--- START ---

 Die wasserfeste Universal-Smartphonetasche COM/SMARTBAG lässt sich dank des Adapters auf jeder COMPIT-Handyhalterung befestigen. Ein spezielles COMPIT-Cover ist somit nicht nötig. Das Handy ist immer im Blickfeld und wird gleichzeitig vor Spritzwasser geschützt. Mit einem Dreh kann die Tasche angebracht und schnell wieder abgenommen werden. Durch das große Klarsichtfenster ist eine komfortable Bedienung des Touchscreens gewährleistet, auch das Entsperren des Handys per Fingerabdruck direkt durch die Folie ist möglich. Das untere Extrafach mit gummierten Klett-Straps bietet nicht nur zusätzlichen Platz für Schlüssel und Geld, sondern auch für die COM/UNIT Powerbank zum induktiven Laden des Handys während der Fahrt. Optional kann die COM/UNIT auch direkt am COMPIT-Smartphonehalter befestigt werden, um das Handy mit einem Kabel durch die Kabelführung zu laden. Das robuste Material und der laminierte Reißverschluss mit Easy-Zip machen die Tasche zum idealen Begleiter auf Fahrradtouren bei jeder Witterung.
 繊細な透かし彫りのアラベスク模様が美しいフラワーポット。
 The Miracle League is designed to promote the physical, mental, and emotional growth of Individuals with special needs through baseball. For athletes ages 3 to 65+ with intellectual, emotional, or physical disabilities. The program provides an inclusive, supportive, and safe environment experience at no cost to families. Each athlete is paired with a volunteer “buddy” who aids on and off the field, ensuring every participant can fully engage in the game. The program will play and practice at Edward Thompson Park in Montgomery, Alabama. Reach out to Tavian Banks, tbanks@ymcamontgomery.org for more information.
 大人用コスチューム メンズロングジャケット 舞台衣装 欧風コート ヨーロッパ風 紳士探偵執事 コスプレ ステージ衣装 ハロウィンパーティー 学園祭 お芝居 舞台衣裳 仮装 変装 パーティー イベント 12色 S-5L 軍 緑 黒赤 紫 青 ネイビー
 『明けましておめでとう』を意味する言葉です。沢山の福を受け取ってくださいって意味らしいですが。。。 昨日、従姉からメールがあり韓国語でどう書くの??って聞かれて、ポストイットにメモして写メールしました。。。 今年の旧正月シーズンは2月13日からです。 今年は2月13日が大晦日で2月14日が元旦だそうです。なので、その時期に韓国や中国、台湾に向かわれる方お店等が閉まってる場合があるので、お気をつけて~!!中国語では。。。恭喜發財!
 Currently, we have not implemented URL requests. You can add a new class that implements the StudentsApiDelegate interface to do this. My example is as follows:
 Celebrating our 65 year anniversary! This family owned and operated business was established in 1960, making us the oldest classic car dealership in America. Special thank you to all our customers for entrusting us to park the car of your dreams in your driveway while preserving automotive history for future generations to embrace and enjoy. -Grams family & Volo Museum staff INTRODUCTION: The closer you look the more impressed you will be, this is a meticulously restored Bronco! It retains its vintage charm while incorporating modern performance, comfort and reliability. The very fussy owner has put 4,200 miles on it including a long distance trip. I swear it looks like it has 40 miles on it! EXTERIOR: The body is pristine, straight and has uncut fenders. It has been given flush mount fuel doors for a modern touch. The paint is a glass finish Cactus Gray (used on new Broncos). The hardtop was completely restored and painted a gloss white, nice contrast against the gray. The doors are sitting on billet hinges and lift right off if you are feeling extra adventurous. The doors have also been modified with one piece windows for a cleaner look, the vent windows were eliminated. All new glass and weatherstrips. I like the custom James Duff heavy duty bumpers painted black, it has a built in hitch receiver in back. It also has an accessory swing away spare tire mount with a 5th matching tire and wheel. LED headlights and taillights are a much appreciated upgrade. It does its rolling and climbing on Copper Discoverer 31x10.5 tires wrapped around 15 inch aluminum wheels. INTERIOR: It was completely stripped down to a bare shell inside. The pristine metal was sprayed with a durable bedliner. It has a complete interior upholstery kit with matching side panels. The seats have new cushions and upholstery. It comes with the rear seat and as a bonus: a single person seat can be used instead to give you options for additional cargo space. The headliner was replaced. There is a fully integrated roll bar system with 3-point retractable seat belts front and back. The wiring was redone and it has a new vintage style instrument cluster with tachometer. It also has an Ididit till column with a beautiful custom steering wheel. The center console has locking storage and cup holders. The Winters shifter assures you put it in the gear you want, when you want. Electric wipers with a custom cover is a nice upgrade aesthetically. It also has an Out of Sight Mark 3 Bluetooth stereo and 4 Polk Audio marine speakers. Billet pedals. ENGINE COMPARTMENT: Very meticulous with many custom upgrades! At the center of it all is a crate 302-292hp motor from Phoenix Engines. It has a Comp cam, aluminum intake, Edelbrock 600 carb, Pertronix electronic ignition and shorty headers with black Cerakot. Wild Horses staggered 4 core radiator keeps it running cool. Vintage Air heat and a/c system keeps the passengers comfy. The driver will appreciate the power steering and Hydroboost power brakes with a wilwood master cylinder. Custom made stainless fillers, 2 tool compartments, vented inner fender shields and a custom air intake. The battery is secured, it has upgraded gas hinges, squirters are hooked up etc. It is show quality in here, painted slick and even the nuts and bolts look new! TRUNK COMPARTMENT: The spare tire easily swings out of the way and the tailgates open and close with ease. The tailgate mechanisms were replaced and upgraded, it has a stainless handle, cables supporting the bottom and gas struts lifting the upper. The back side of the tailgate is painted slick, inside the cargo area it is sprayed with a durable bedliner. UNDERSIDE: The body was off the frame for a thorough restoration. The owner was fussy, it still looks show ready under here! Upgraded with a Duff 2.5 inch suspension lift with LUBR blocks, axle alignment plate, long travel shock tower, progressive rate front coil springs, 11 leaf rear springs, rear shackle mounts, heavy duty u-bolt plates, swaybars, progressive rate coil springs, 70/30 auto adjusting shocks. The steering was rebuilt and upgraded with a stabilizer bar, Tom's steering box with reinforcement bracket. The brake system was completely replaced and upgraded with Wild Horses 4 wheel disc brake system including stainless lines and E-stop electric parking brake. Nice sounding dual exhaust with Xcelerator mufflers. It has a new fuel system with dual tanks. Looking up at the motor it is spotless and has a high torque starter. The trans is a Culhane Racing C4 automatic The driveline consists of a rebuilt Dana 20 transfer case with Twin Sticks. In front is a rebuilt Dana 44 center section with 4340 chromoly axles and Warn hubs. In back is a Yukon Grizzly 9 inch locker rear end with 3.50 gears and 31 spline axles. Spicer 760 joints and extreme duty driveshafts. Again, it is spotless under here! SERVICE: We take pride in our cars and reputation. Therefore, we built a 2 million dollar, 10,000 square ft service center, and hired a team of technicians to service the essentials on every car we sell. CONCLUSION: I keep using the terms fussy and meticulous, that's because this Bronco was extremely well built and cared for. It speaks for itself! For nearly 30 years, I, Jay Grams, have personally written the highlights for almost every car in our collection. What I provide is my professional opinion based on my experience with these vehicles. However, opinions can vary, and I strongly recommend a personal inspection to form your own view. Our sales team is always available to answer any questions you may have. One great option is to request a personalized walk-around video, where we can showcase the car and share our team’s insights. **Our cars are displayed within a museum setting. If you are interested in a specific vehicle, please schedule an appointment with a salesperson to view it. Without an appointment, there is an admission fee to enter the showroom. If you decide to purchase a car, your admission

--- END ---
--- START ---

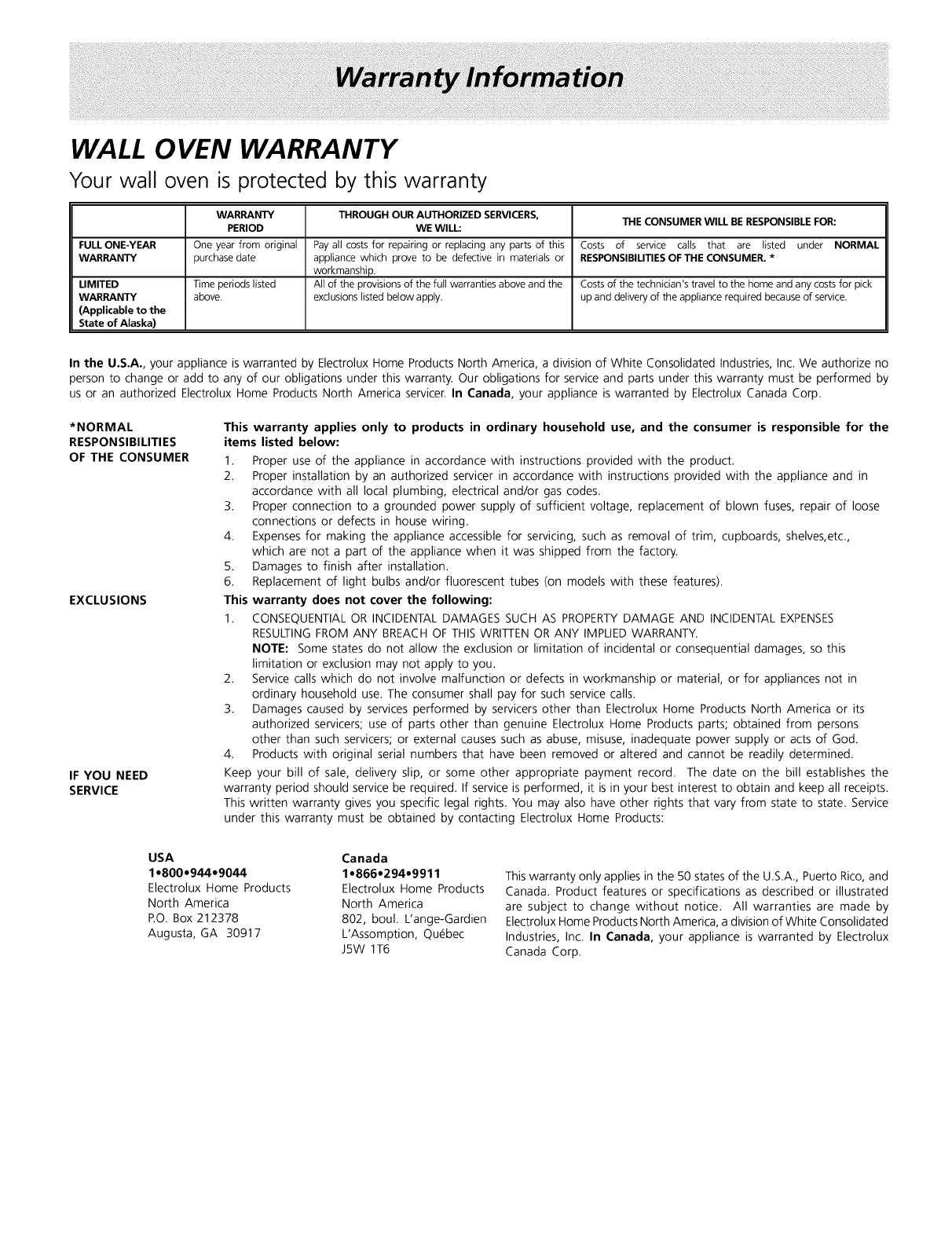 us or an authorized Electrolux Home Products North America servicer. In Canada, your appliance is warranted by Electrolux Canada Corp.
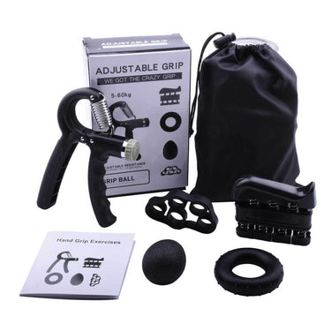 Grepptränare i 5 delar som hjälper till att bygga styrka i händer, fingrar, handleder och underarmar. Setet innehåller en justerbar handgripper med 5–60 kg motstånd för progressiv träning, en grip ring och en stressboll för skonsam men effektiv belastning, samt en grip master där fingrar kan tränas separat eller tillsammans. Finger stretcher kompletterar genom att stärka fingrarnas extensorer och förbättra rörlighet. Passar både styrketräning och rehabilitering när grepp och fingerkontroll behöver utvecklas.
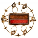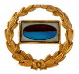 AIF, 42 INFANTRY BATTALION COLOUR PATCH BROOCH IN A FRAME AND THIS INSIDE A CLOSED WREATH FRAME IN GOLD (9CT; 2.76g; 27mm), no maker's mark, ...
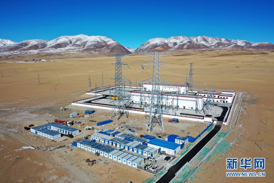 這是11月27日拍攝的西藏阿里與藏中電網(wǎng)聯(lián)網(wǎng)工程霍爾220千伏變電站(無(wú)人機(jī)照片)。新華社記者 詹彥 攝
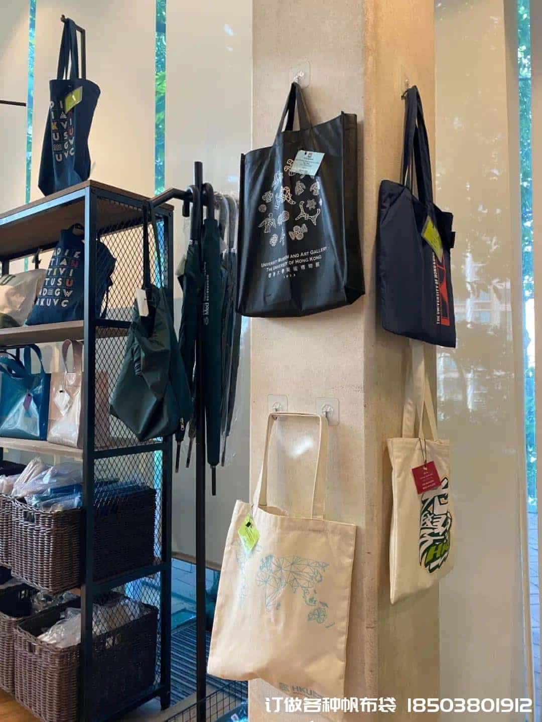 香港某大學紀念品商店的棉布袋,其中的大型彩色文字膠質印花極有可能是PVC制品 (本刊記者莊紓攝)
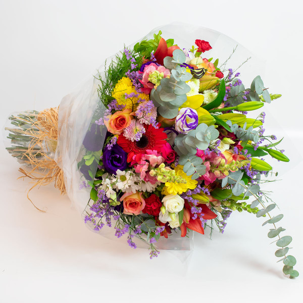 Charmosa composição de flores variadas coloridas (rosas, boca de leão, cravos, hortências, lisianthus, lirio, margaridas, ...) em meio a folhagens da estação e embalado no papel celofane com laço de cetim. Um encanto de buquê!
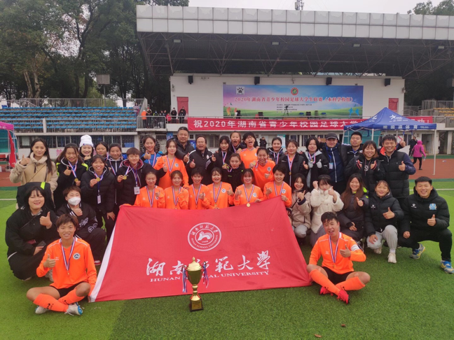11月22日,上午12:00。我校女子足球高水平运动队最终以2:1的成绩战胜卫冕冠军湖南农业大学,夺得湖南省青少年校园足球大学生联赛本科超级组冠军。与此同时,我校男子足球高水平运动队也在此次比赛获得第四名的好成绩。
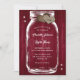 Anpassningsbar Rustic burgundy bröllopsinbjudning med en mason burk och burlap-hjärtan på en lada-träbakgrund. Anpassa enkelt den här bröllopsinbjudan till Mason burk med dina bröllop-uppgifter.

--- END ---

▶ PROMPT
Beginning with the line containing "大人用コスチューム メンズロングジャケット 舞台衣装" and ending with the line containing "Currently, we have", extract those lines exactly from the listing above, and only those.

▶ ANSWER
 大人用コスチューム メンズロングジャケット 舞台衣装 欧風コート ヨーロッパ風 紳士探偵執事 コスプレ ステージ衣装 ハロウィンパーティー 学園祭 お芝居 舞台衣裳 仮装 変装 パーティー イベント 12色 S-5L 軍 緑 黒赤 紫 青 ネイビー
 『明けましておめでとう』を意味する言葉です。沢山の福を受け取ってくださいって意味らしいですが。。。 昨日、従姉からメールがあり韓国語でどう書くの??って聞かれて、ポストイットにメモして写メールしました。。。 今年の旧正月シーズンは2月13日からです。 今年は2月13日が大晦日で2月14日が元旦だそうです。なので、その時期に韓国や中国、台湾に向かわれる方お店等が閉まってる場合があるので、お気をつけて~!!中国語では。。。恭喜發財!
 Currently, we have not implemented URL requests. You can add a new class that implements the StudentsApiDelegate interface to do this. My example is as follows:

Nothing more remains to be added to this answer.